◆ Your instructions:
Work out how many lines below contain "Approx". Provide only the figure.

◆ Entries supplied:
┄┄┄┄┄┄┄┄┄┄
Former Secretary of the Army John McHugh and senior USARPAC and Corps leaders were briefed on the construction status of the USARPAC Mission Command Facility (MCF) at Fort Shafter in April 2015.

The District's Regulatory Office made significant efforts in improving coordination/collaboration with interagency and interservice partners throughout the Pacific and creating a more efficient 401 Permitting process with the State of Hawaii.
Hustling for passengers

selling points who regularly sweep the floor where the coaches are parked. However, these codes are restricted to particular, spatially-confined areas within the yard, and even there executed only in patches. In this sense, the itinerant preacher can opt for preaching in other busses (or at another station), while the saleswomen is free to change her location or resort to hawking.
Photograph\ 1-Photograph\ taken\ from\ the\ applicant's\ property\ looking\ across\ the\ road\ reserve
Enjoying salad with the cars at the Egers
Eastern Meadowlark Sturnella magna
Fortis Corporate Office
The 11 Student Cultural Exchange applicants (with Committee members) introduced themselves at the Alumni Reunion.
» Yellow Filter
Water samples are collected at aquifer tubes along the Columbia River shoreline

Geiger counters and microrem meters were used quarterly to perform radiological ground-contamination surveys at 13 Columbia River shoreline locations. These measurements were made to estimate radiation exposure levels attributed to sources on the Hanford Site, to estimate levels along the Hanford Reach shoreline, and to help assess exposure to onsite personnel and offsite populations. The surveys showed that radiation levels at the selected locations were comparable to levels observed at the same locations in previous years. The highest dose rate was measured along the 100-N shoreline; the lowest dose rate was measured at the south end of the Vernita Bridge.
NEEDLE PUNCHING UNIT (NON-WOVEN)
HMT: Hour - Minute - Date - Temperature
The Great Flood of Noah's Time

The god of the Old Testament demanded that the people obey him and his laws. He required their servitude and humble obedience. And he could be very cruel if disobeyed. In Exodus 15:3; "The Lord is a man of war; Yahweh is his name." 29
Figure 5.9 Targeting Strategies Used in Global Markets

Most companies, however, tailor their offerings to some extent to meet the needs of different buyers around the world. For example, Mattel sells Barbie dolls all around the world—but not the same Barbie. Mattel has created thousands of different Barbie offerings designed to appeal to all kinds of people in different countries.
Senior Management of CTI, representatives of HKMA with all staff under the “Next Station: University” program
┄┄┄┄┄┄┄┄┄┄
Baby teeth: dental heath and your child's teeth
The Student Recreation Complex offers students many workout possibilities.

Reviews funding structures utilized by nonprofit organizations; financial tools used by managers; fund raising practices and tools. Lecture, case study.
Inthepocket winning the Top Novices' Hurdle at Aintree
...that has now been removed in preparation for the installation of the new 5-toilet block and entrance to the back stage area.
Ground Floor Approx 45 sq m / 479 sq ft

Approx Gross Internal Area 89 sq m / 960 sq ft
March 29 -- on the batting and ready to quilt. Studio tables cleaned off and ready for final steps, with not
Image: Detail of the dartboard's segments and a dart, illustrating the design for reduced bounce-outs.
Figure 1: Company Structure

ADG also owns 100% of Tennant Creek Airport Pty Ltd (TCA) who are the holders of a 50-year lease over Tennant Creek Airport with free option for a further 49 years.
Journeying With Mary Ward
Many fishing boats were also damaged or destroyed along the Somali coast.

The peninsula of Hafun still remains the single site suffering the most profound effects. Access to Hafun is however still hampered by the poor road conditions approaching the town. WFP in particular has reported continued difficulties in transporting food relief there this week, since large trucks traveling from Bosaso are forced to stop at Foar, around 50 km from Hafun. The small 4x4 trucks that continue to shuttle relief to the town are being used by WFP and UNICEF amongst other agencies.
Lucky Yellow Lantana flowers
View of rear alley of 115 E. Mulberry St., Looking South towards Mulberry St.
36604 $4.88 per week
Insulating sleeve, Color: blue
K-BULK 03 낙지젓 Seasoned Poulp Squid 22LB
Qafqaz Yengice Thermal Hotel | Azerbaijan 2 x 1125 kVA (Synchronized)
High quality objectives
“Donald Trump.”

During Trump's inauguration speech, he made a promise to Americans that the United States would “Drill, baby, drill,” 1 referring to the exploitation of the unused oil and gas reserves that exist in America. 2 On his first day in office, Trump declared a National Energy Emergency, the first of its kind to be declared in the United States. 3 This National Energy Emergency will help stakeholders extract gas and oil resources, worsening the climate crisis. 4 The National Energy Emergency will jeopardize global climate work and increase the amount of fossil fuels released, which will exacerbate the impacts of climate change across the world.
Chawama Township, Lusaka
┄┄┄┄┄┄┄┄┄┄
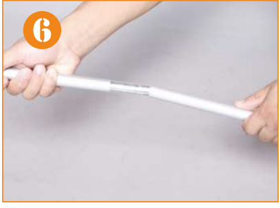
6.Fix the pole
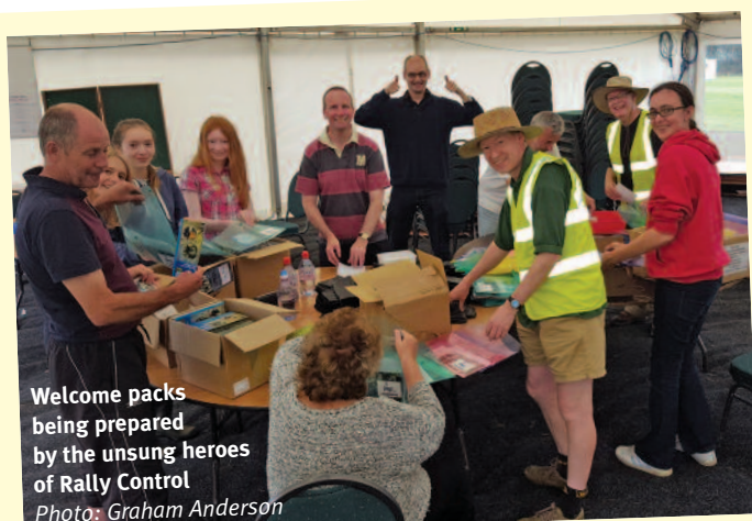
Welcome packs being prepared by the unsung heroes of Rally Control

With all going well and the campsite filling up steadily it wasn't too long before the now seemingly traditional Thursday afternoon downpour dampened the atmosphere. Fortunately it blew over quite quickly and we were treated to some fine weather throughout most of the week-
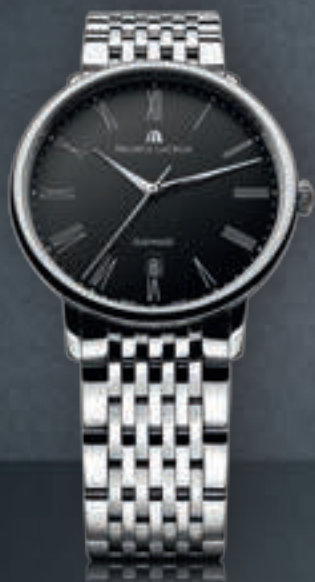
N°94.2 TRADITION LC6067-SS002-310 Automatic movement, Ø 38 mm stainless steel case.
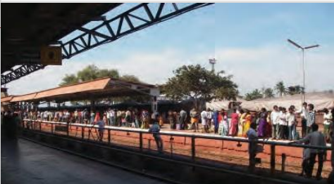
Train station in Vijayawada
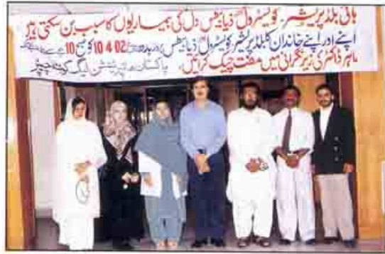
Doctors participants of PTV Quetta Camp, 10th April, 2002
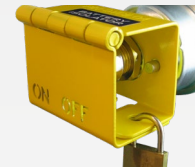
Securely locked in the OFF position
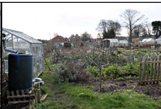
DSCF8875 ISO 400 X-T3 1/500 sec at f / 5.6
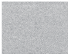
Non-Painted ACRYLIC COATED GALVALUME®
┄┄┄┄┄┄┄┄┄┄
◆ Answer below:
2